▶ [Data segment]:
**********

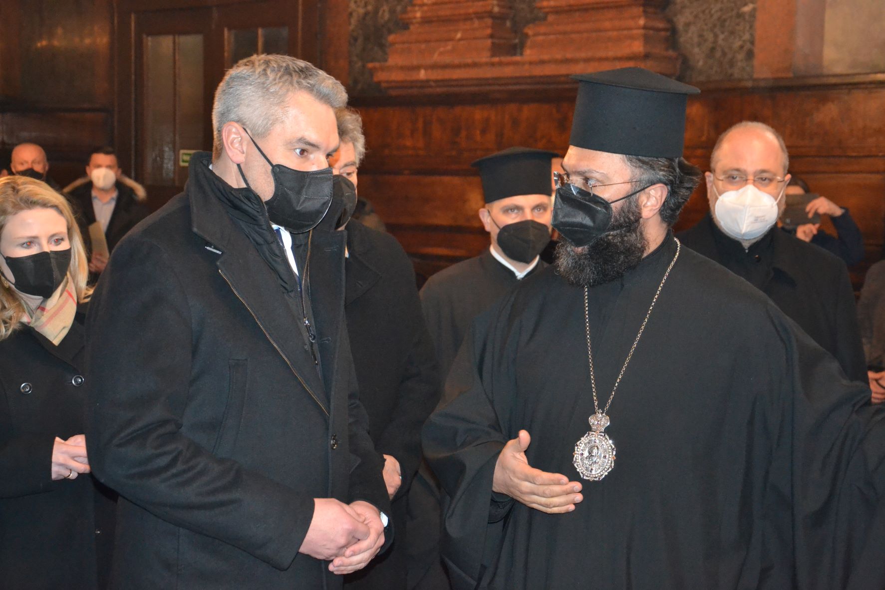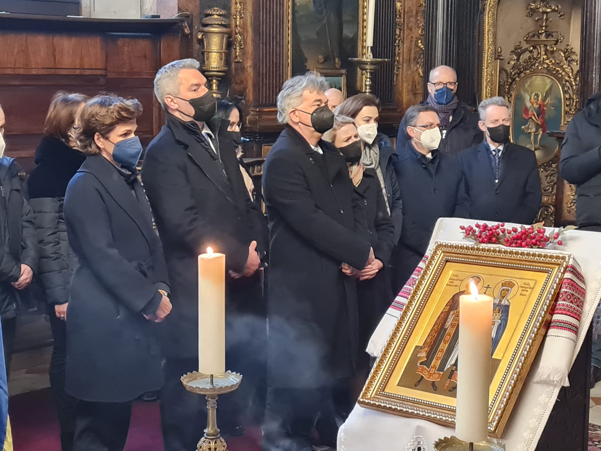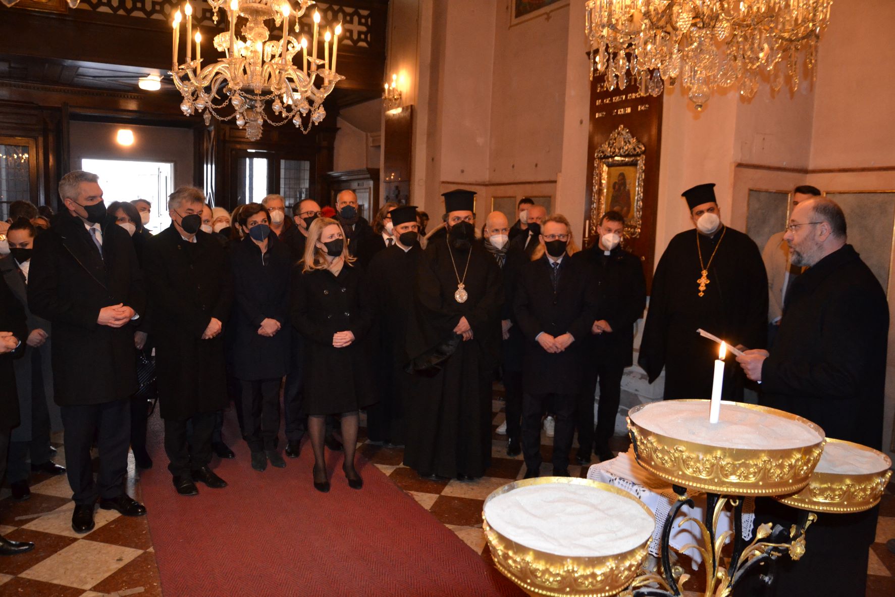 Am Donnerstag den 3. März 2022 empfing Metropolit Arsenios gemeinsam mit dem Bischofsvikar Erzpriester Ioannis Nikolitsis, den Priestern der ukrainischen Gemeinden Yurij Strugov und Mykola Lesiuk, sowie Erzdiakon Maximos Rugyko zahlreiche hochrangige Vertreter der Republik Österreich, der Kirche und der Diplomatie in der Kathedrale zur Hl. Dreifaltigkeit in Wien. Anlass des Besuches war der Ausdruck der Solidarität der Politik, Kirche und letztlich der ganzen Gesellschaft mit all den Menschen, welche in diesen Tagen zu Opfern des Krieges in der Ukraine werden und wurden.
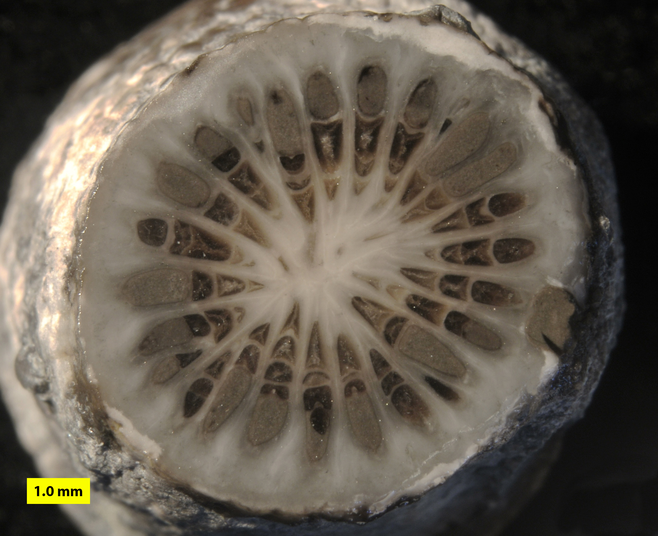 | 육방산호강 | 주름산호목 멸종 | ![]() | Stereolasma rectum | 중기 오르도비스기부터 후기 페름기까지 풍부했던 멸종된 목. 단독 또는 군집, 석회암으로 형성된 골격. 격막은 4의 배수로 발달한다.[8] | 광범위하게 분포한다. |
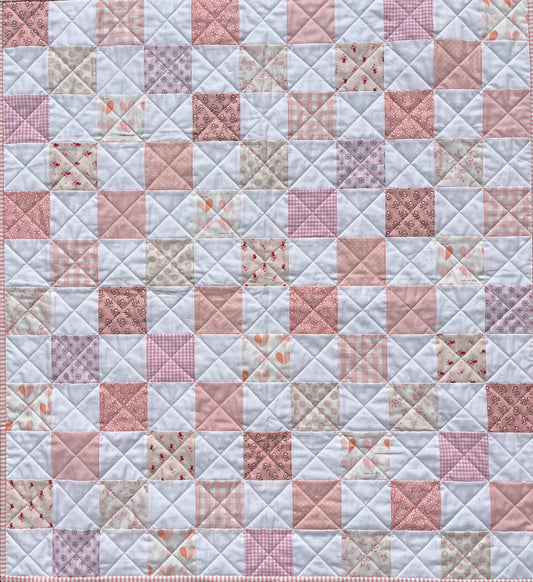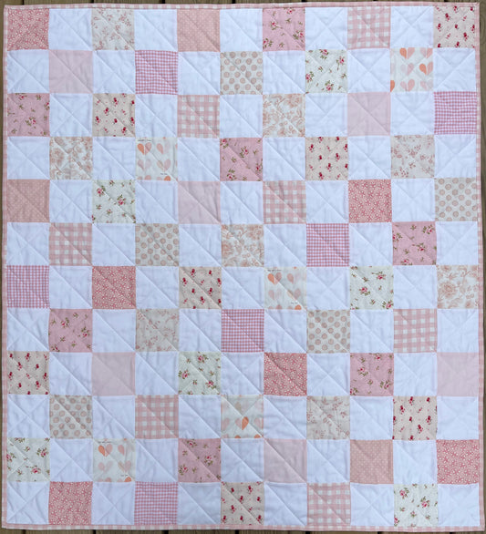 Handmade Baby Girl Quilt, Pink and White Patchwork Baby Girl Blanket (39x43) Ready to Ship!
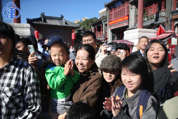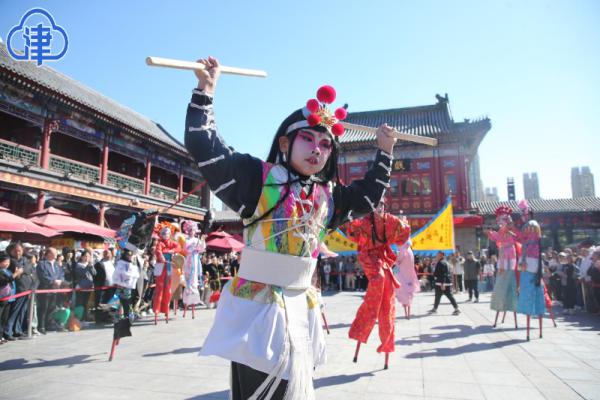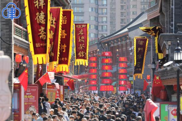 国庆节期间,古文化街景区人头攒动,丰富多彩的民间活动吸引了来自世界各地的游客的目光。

**********

▶ [Your instructions]: All of the material should be written out again exactly, apart from the pictures.

▶ [Answer section]:
 Am Donnerstag den 3. März 2022 empfing Metropolit Arsenios gemeinsam mit dem Bischofsvikar Erzpriester Ioannis Nikolitsis, den Priestern der ukrainischen Gemeinden Yurij Strugov und Mykola Lesiuk, sowie Erzdiakon Maximos Rugyko zahlreiche hochrangige Vertreter der Republik Österreich, der Kirche und der Diplomatie in der Kathedrale zur Hl. Dreifaltigkeit in Wien. Anlass des Besuches war der Ausdruck der Solidarität der Politik, Kirche und letztlich der ganzen Gesellschaft mit all den Menschen, welche in diesen Tagen zu Opfern des Krieges in der Ukraine werden und wurden.
 | 육방산호강 | 주름산호목 멸종 | ![]() | Stereolasma rectum | 중기 오르도비스기부터 후기 페름기까지 풍부했던 멸종된 목. 단독 또는 군집, 석회암으로 형성된 골격. 격막은 4의 배수로 발달한다.[8] | 광범위하게 분포한다. |
 Handmade Baby Girl Quilt, Pink and White Patchwork Baby Girl Blanket (39x43) Ready to Ship!
 国庆节期间,古文化街景区人头攒动,丰富多彩的民间活动吸引了来自世界各地的游客的目光。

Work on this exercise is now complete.